- Genre: Sitcom
- Written by: Aleen Leslie
- Starring: Patricia Crowley
- Country of origin: United States
- Original language: English
- No. of seasons: 1

Production
- Producer: Aleen Leslie
- Running time: 30 minutes

Original release
- Network: ABC
- Release: June 2, 1951 – February 23, 1952

= A Date with Judy (TV series) =

American television sitcom

A Date with Judy is an American television sitcom, two versions of which were broadcast on ABC between 1951 and 1953. A daytime version ran weekly on Saturdays from June 2, 1951, to February 23, 1952. A primetime version with a different cast ran from July 10, 1952, to September 30, 1953.

==Premise==
The title character was teenager Judy Foster.
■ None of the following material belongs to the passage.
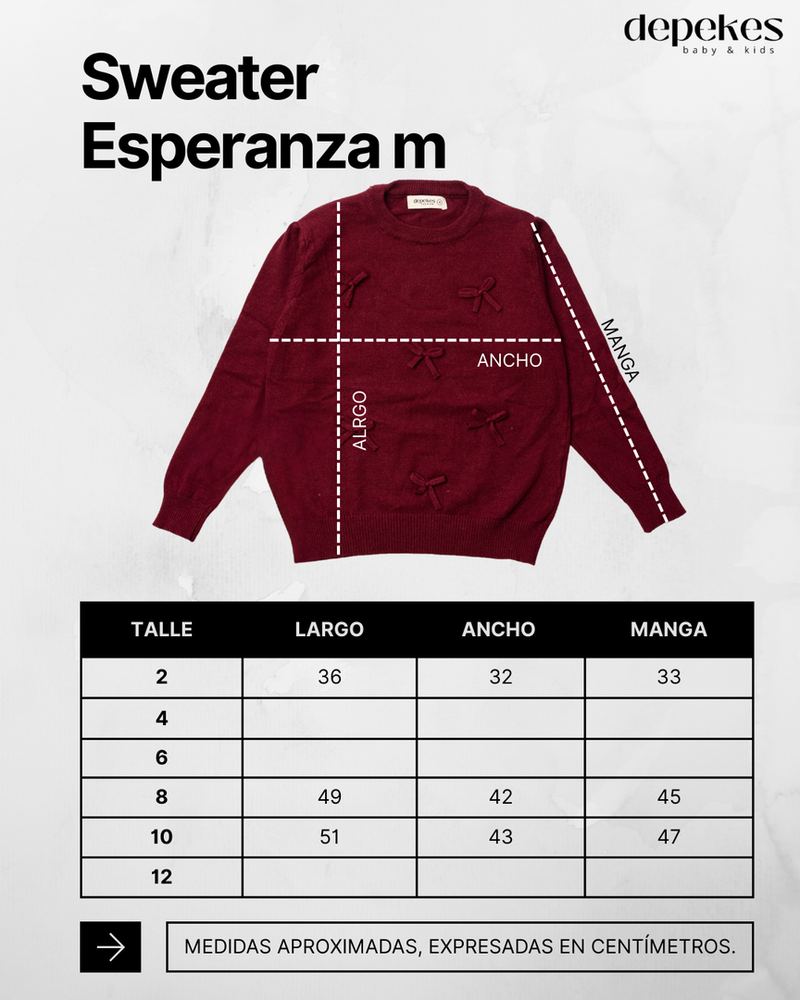El Sweater Esperanza celebra la dulzura de la infancia con un diseño delicado y lleno de encanto 🤍. Sus pequeños lazos aplicados aportan un detalle romántico que lo convierte en una prenda especial, ideal para looks cálidos y cuidados.

The book Television Series of the 1950s: Essential Facts and Quirky Details described Foster as "a very pretty girl who is called 'the cutest date in town'", adding, "Judy has a knack for finding mischief and has a firm belief that her family doesn't understand her." The Encyclopedia of Television Shows, 1925 through 2010 described her as "bright, enthusiastic and 'blessed' with a knack for finding trouble." Judy's parents were Melvyn and Dora Foster, and she had a 12-year-old brother, Randolph. Her boyfriend was Oogie Pringle.

The program was derived from the radio show of the same name.

==Cast==
The table below shows the actors who portrayed the main characters in the two versions of the program.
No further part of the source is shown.